Five facts about grain and the war in Ukraine

Workers unload wheat at grain silos in Banha, Qalyubia governorate, Egypt, May 25, 2022. Egypt, the world’s largest wheat importer, has been forced by war in Ukraine to change radically of strategy and now relies on the cereal harvest as a means of reducing its dependence on the outside for the years to come vis-à-vis this vital product in the most populous Arab country. Khaled Elfiqi, EPA-EFE/Dossier

What happened with the grain deal?

In a Turkish-brokered deal, Russia and Ukraine had agreed to a deal under which Ukraine exported its grain via the Black Sea. The agreement allowed ships to travel unattacked on specific routes from Ukraine to the Bosphorus.

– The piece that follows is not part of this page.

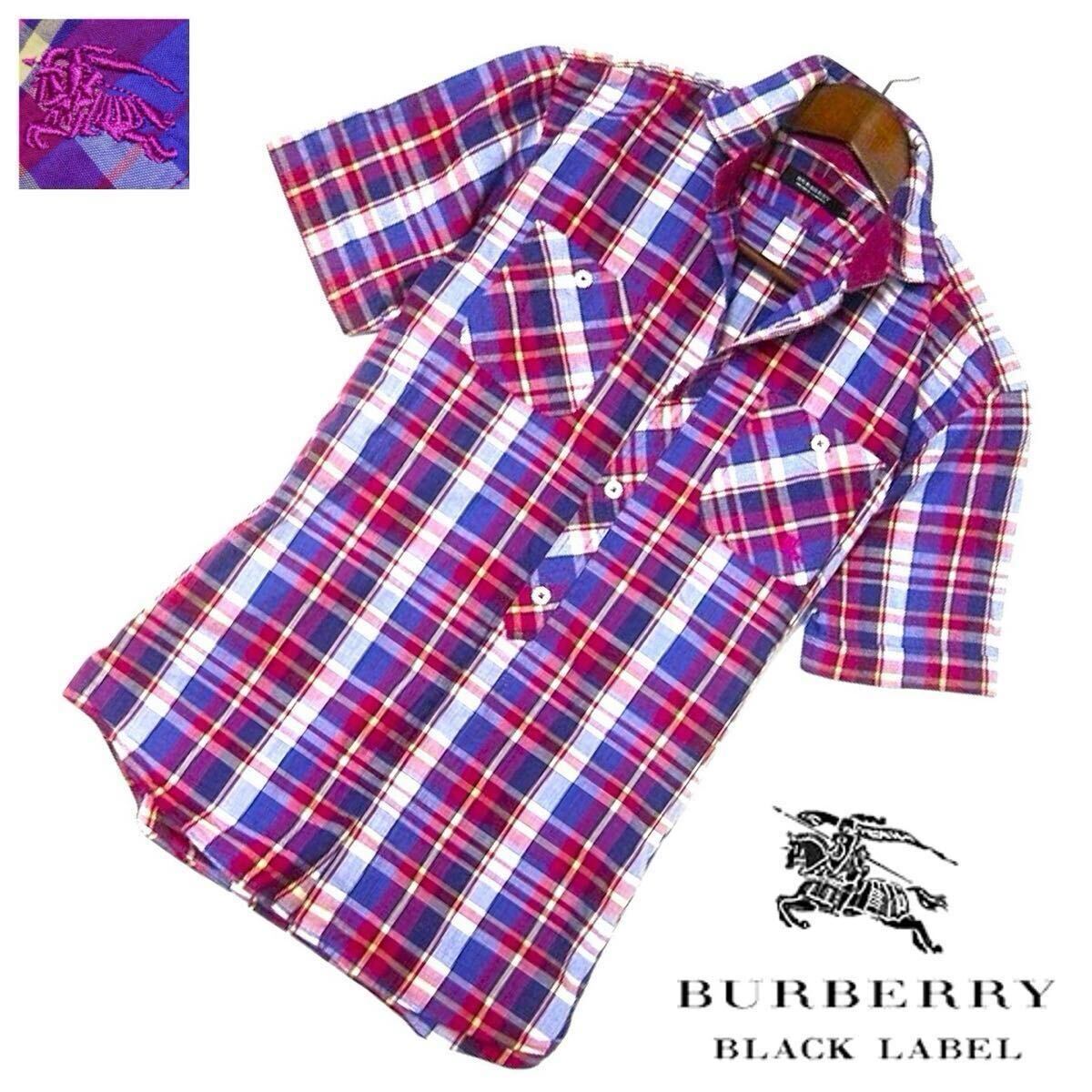 - 希少なL! 美品 バーバリーブラックレーベル BIGホース刺繍 爽やかノバチェック柄 ロールアップ 2WAY 半袖 シャツ 3/L BURBERRY BLACK LABEL

This weekend, Russia announced that it would suspend its participation because Ukraine and the United Kingdom allegedly attacked the Russian Black Sea Fleet with drones. Moscow said the attacks hit civilian ships in the grain corridors as well as a minesweeper vessel.

Both Ukraine and the UK have denied the allegations and said Russia staged the attack. Despite Moscow’s withdrawal from the agreement, grain vessels must continue to use the corridors. Whether Russia lets them pass is not yet clear.

What role does Ukraine play in global food security?

Ukraine is one of the world’s leading grain producers. The country mainly grows and exports wheat, corn and barley. According to the European Commission, Ukraine accounts for 10% of the world wheat market, 15% of the corn market and 13% of the barley market. With more than 50% of world trade, it is also the main player in the sunflower oil market.

Ranked first and second respectively, corn and wheat are also the most widely grown cereals in the world. The abandonment of a major exporter like Ukraine can have serious consequences for global food security.

Who are the biggest producers of wheat, corn and barley?

According to statistics from the United States Department of Agriculture, Ukraine was the world’s seventh largest producer of wheat in 2021/22 with 33 million tons. Only Australia, the United States, Russia, India and China produced more – with the EU actually ranking first if you count the member states of the union together.

Ukraine ranks sixth in the corn market. From mid-2021 to mid-2022, only Argentina, the EU, Brazil, China and especially the United States grew more maize. Barley is the most widely grown in the EU, followed by Australia, Russia and Ukraine.

Who mainly imports these cereals?

The largest wheat importers in 2020, according to the Observatory of Economic Complexity (OEC), an international trade data visualization site, were Egypt ($5.2 billion), China ($3.47 billion), Turkey ($2.44 billion), Nigeria ($2.15 billion) and Indonesia ($2.08 billion). Egypt was also the largest buyer of specifically Ukrainian wheat, according to statistics.

For maize, the most recent OEC figures available are from 2018, with the main importers Mexico ($3.14 billion), Japan ($2.94 billion), South Korea (1 .92 billion dollars), Vietnam (1.85 billion dollars) and Spain (1.72 billion dollars). The main buyers of Ukrainian corn were the Netherlands, Spain and China.

The top barley importing countries in 2020 were China ($1.77 billion), Saudi Arabia ($1.38 billion), the Netherlands ($512 million), Belgium ($369 million of dollars) and Germany (307 million dollars). China was the biggest buyer of Ukrainian barley.

How is Russia’s war in Ukraine affecting the world grain market?

Cereal deliveries were initially suspended due to Russia’s blockade of Ukrainian ports, fueling fears of global shortages and price hikes. By mid-May, export prices for wheat and maize had reached record highs. This had far-reaching consequences, particularly in Africa, the Middle East and Asia, according to the UN, countries where the coronavirus pandemic and its fallout had already worsened the food situation.

In the meantime, the pressure on the grain market has eased somewhat. The Food and Agriculture Organization of the United Nations (FAO) estimates that, despite the war in Ukraine, the 2022 world cereal harvest is likely to be only slightly lower than in 2021. It remains to be seen whether the Russia’s suspension of the grain export agreement will affect the world market. .

What did the agreement between Ukraine and Russia mean for exports?

Under the agreement reached in Turkey, the 20 to 25 million tonnes of grain currently blocked in Ukraine could finally be exported. Exports of Russian cereals and fertilizers, restricted due to sanctions against Russia, have also been facilitated.

The agreement also provided for secure corridors in the Black Sea between Ukraine and the Bosphorus; vessels in the area and ports concerned would not be attacked. A control center in Istanbul, run by the United Nations and staffed with representatives from Russia, Ukraine and Turkey, was to monitor grain exports.

The agreement between Ukraine and Russia was important for global food security. Cereals remain an urgent need on the world market, particularly in Asia and Africa. In the aftermath of Russia’s war of aggression in Ukraine, the United Nations has warned of the biggest food crisis in decades.